Brad Porter is Director and Senior Principal engineer at Amazon. We work in different parts of the company but I have known him for years and he’s actually one of the reasons I ended up joining Amazon Web Services. Last week Brad sent me the guest blog post that follows where, on the basis of his operational experience, he prioritizes the most important points in the Lisa paper On Designing and Deploying Internet-Scale Services.


Prioritizing the Principles in “On Designing and Deploying Internet-Scale Services”

By Brad Porter

James published what I consider to be the single best paper to come out of the highly-available systems world in many years. He gave simple practical advice for delivering on the promise of high-availability. James presented “On Designing and Deploying Internet-Scale Services at Lisa 2007.

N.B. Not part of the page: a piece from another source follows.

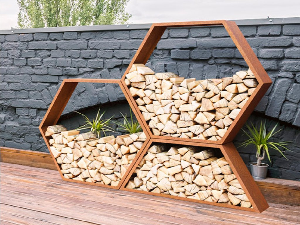 Lichobežníkový stojan na drevo z cortenovej ocele LENA SKL TRAPEZ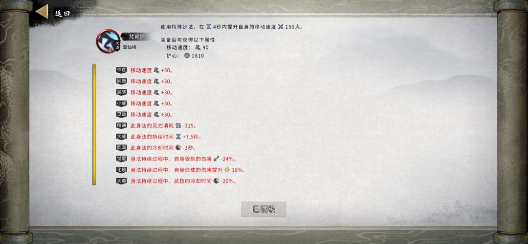 洪荒攻速刀,不沾火密卷,不用火身法,不靠火增伤,不需要换道心,通过心法+技能+冥羽形成100%攻速+100%减伤+高增伤完美闭环。 ps:首推掌身法(步),图片可以看到掌身法非常契合刀修,加移速(弥补我们吃不满穿云电闪的增伤空白),有减伤,有增伤,不断普攻,有减CD,无缝衔接二次身法(火身法断普攻而且落点到处串) 【100%攻速】 掌身法20%减武技CD+剑大法25%减武技CD+武法精通40%减武

A few folks have commented to me that implementing all of these principles is a tall hill to climb. I thought I might help by highlighting what I consider to be the most important elements and why.

1. Keep it simple

Much of the work in recovery-oriented computing has been driven by the observation that human errors are the number one cause of failure in large-scale systems. However, in my experience complexity is the number one cause of human error.

Complexity originates from a number of sources: lack of a clear architectural model, variance introduced by forking or branching software or configuration, and implementation cruft never cleaned up. I’m going to add three new sub-principles to this.

Have Well Defined Architectural Roles and Responsibilities: Robust systems are often described as having “good bones.” The structural skeleton upon which the system has evolved and grown is solid. Good architecture starts from having a clear and widely shared understanding of the roles and responsibilities in the system. It should be possible to introduce the basic architecture to someone new in just a few minutes on a white-board.

Minimize Variance: Variance arises most often when engineering or operations teams use partitioning typically through branching or forking as a way to handle different use cases or requirements sets. Every new use case creates a slightly different variant. Variations occur along software boundaries, configuration boundaries, or hardware boundaries. To the extent possible, systems should be architected, deployed, and managed to minimize variance in the production environment.

Clean-Up Cruft: Cruft can be defined as those things that clearly should be fixed, but no one has bothered to fix. This can include unnecessary configuration values and variables, unnecessary log messages, test instances, unnecessary code branches, and low priority “bugs” that no one has fixed. Cleaning up cruft is a constant task, but it is a necessary to minimize complexity.

2. Expect failures

At its simplest, a production host or service need only exist in one of two states: on or off. On or off can be defined by whether that service is accepting requests or not. To “expect failures” is to recognize that “off” is always a valid state. A host or component may switch to the “off” state at any time without warning.

If you’re willing to turn a component off at any time, you’re immediately liberated. Most operational tasks become significantly simpler. You can perform upgrades when the component is off. In the event of any anomalous behavior, you can turn the component off.

3. Support version roll-back

Roll-back is similarly liberating. Many system problems are introduced on change-boundaries. If you can roll changes back quickly, you can minimize the impact of any change-induced problem. The perceived risk and cost of a change decreases dramatically when roll-back is enabled, immediately allowing for more rapid innovation and evolution, especially when combined with the next point.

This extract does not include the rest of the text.